• _INSTRUCTIONS TO FOLLOW_: In the records below, find the line with "We show that" and repeat exactly every line from it through the line with "Le Parisien +". Pictures stay out.

(DATA SHOWN Opens)

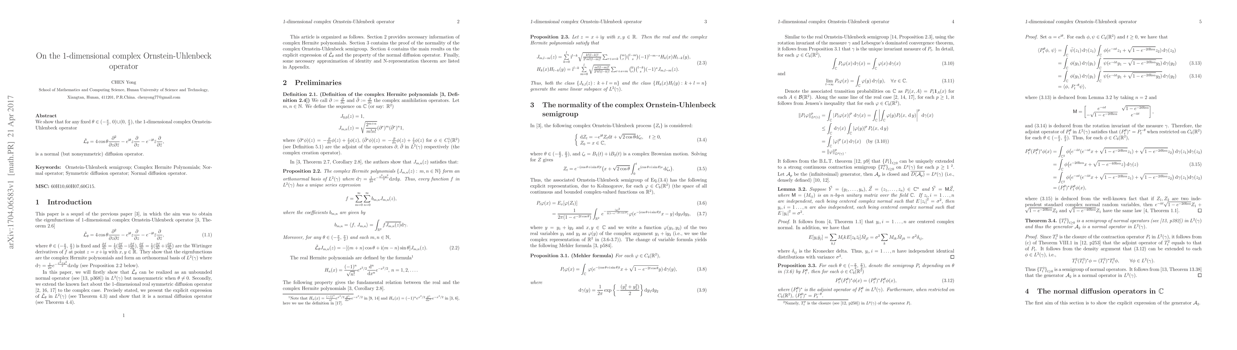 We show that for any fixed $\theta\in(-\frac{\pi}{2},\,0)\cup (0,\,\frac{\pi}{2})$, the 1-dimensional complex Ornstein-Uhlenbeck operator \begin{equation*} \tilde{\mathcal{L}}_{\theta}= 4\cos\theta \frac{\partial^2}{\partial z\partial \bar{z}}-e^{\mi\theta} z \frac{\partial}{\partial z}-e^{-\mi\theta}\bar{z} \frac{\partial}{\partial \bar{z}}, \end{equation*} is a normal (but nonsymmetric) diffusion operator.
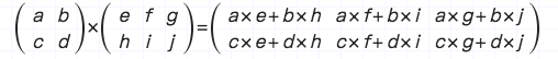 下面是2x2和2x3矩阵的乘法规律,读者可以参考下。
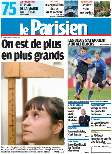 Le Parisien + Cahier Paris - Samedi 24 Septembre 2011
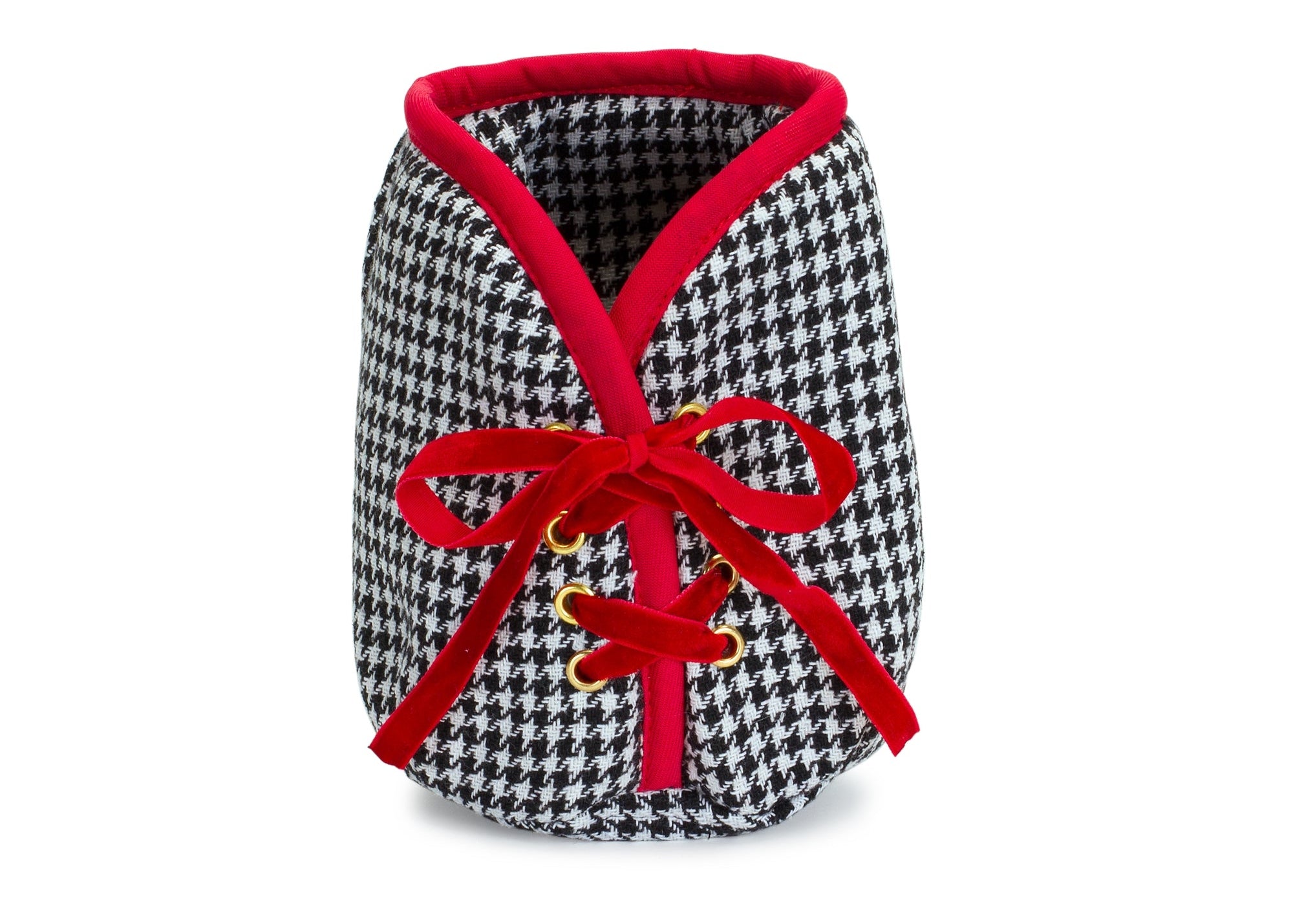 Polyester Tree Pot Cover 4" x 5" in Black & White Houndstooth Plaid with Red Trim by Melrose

(DATA SHOWN Closes)
(DATA SHOWN Opens)

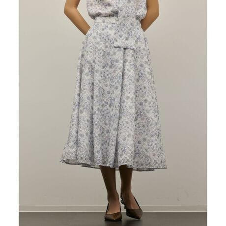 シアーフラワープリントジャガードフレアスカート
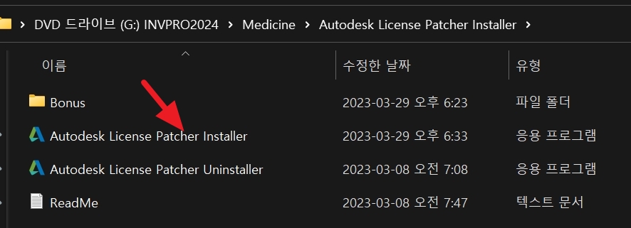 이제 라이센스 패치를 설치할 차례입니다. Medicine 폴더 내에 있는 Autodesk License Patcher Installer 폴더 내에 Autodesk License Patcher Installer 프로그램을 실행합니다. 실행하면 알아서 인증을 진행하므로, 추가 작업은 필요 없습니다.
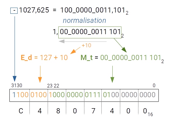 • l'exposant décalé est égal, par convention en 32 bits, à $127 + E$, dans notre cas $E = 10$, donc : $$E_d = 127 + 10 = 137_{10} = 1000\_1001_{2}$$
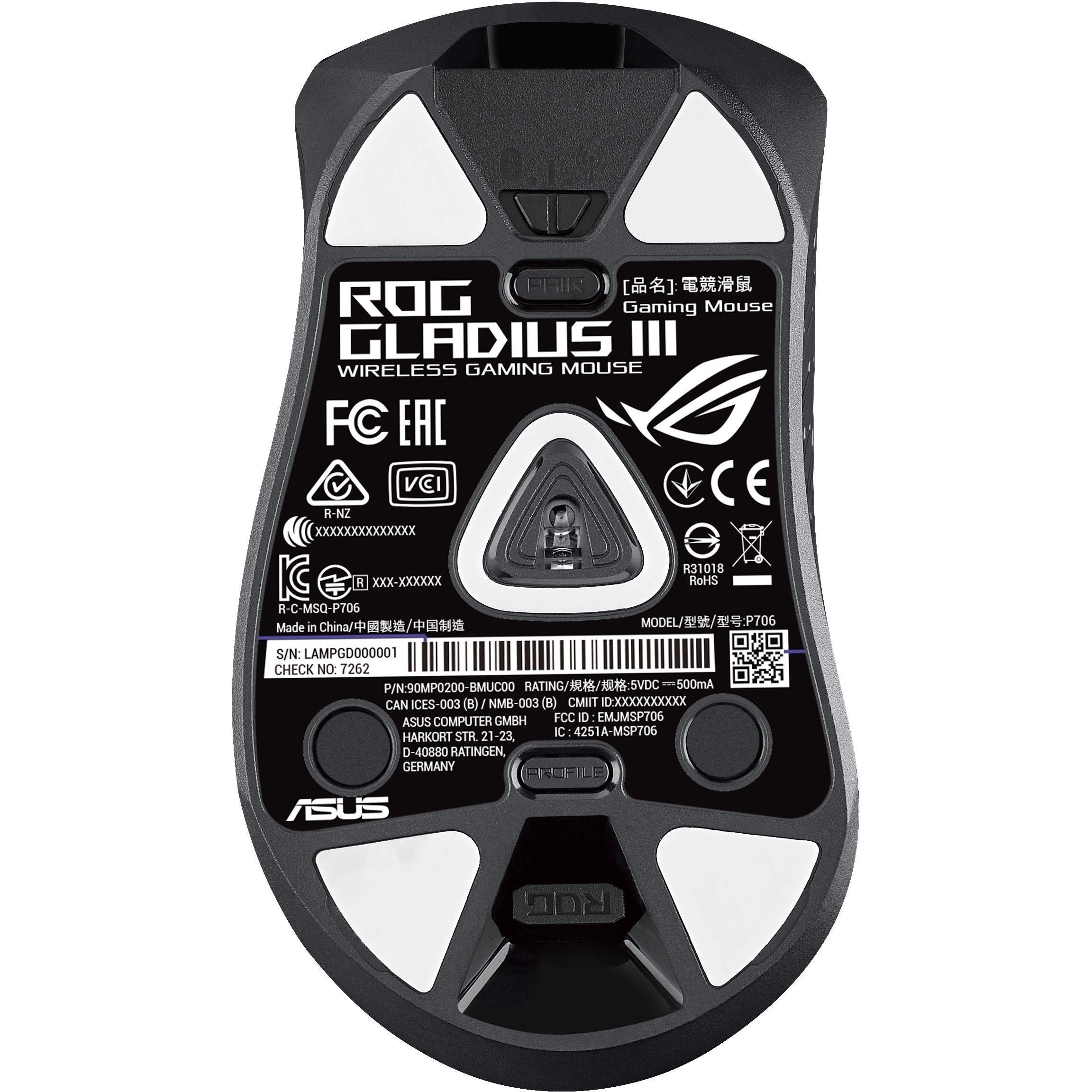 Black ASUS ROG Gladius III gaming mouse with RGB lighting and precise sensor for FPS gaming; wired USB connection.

(DATA SHOWN Closes)

• _RESULT FOR THIS EXERCISE_:
 We show that for any fixed $\theta\in(-\frac{\pi}{2},\,0)\cup (0,\,\frac{\pi}{2})$, the 1-dimensional complex Ornstein-Uhlenbeck operator \begin{equation*} \tilde{\mathcal{L}}_{\theta}= 4\cos\theta \frac{\partial^2}{\partial z\partial \bar{z}}-e^{\mi\theta} z \frac{\partial}{\partial z}-e^{-\mi\theta}\bar{z} \frac{\partial}{\partial \bar{z}}, \end{equation*} is a normal (but nonsymmetric) diffusion operator.
 下面是2x2和2x3矩阵的乘法规律,读者可以参考下。
 Le Parisien + Cahier Paris - Samedi 24 Septembre 2011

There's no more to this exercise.